If the current TV season were a baseball game, December’s arrival — the industry’s equivalent of the seventh-inning stretch — would see managers frantically signaling to bring in relief pitchers.

Maybe it was anticipating of the shifting political winds, but the major networks were inordinately conservative in assembling their September lineups, taking only a few calculated risks. And while that’s not particularly new, their year of living safely has yielded what amounts to a qualitative siesta.

That’s disheartening, from a critical standpoint, coming on the heels of a mini-resurgence during the 2009-10 season punctuated by “Glee,” “Modern Family” and “The Good Wife.” With those programs, broadcasters achieved commercial success — along with Emmy nominations — by venturing beyond their comfort zones.

Alas, the new season produced little to sustain that momentum. Moreover, even the programs that won modest acclaim for their pilots have, for the most part, failed to fulfill their promise (again, creatively speaking) upon repeated exposure.

While Fox’s “Lone Star” barely got time to lace up its boots, time-period rival “The Event” has grown less eventful, as has “Hawaii Five-0.” “No Ordinary Family” has proved far too ordinary in its domestic exploits — more suited to ABC Family than ABC — and CBS’ “Mike and Molly” took a sweet premise about two overweight people finding love and has not-entirely-sidestepped concerns about relentless fat jokes by being unnecessarily smutty.

In this case, just because you can (as in “Hey, we’re following ‘Two and a Half Men.’ Unleash the sex gags!”) doesn’t mean you should.

As for last year’s newcomers, while “Modern Family” continues to delight, “Glee” is producing fewer transcendent moments to override its clunkier ones, stoking apprehensions that anything burning so brightly risks flaming out just as rapidly.

Creatively, the breakthroughs have once again largely come from the cable universe — most notably “Boardwalk Empire” and “The Walking Dead” — renewing concerns about a two-tiered system.

If these trend lines continue, the fear is higher-quality programs will gravitate almost exclusively to TV’s equivalent of the arthouse circuit, while networks retreat to the franchise business, figuring every good crime show deserves at least one L.A.-based spinoff.

We’ve heard a lot about a “lost decade” in terms of the U.S. economy, but unless the midseason reinforcements improve matters, the networks might wind up regretting their own lost 2010. It was, after all, the year in which they bid farewell to a trio of long-running hits that were also Emmy winners, each significant in its own way — “Lost,” “24,” “Law and Order” — without anointing worthy heirs.

CBS, perhaps, can survive mainly on a meat-and-potatoes diet, but even there, brand extensions go only so far. At a time when networks have finally made inroads in pressuring cable operators to pay retransmission fees, you also have to wonder about whether middling fare is going to be good enough in a climate based more on cash transactions and less on inertia.

To be fair, broadcasters are holding their own — and certain staples, particularly NFL football, are demonstrating their enduring clout as a mass medium.

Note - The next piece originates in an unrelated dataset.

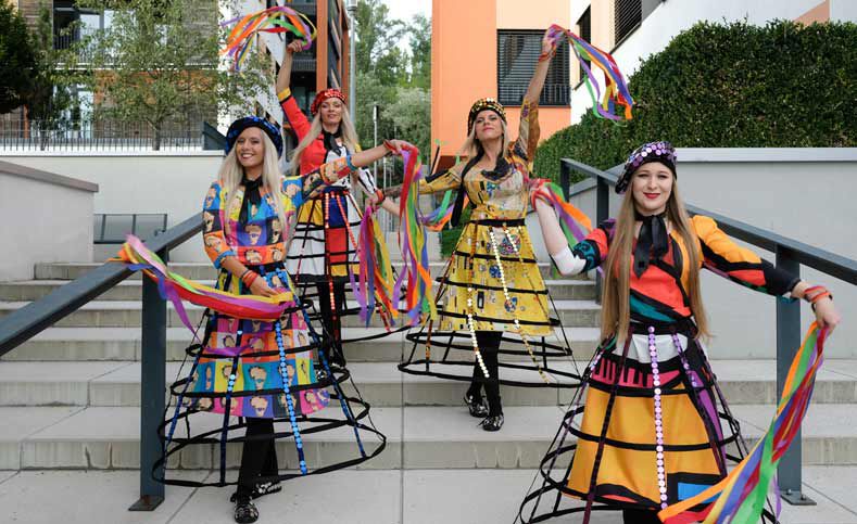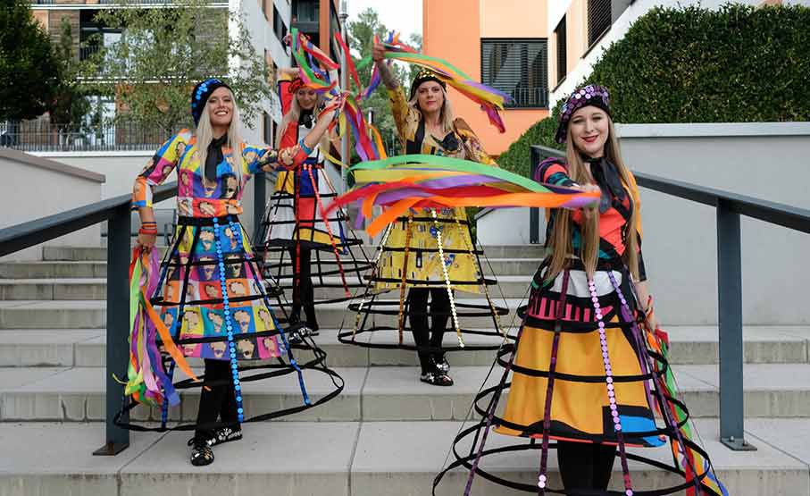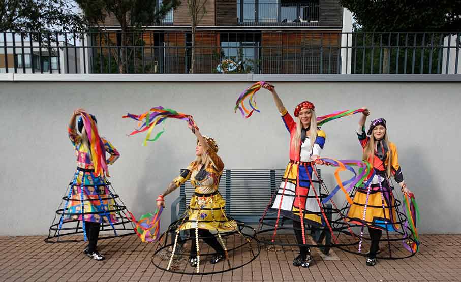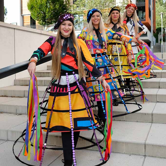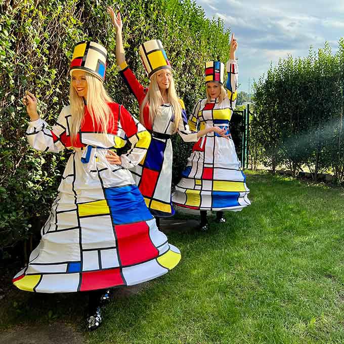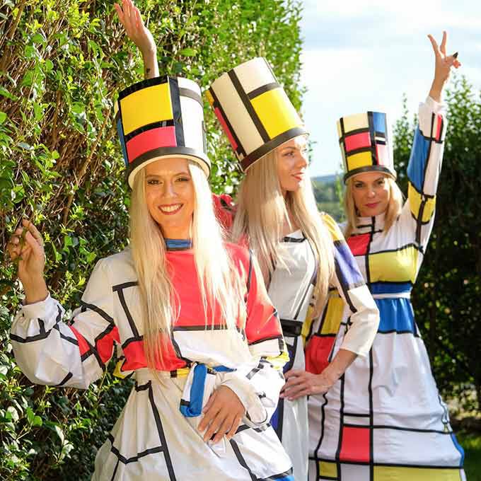 Up to four performers are available with a range of skills and in a choice of vibrantly coloured costumes inspired by popular abstract art paintings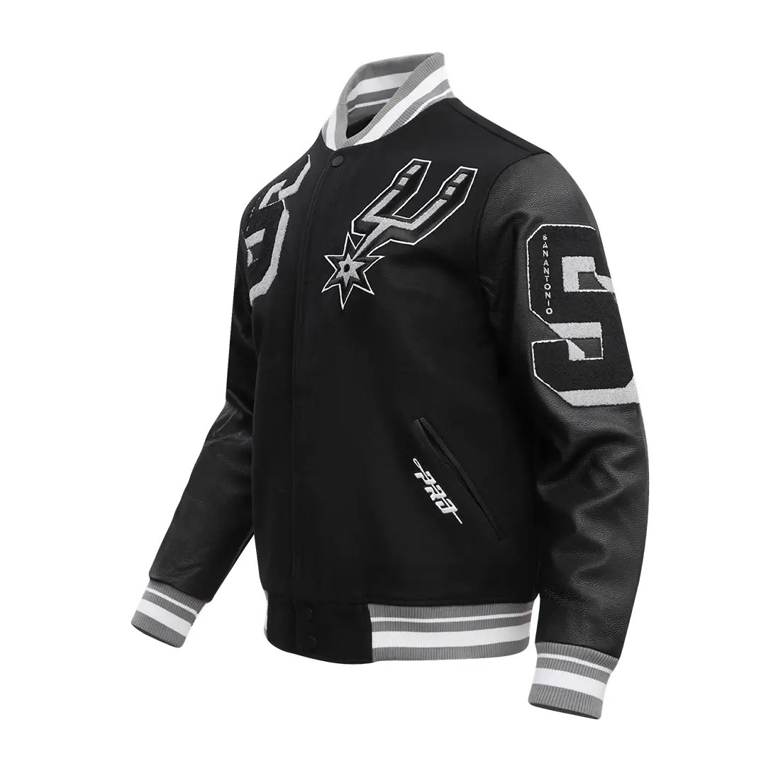 San Antonio Spurs Mashup Wool & Leather Black Varsity Jacket

But that’s not considering the passion deficit — the gap between programs that people watch avidly, time-shift religiously and (if push comes to shove) are willing to buy vs. those they enjoy more passively.

At first, network honchos exulted rather haughtily — in some cases, almost gleefully — over the audience’s utter rejection of “Lone Star.” Some seized on its quick exit as a sign of critics’ irrelevance, inasmuch as the show drew the most positive reviews among this season’s network newcomers.

Upon further review, though, the high-profile projects put into development for next season reflect a grudging acknowledgement that this season’s tepid results warrant more adventurousness. And perhaps the retransmission windfall will help provide the cushion to take those chances.

Until then, “Walking Dead” has inadvertently provided an apt metaphor for the fall’s creative malaise: From a distance, the zombies amble along harmlessly enough. It’s only when you let them get too close that their lifelessness and lack of soul become apparent — and by then, it’s almost too late to keep them from eating your brains.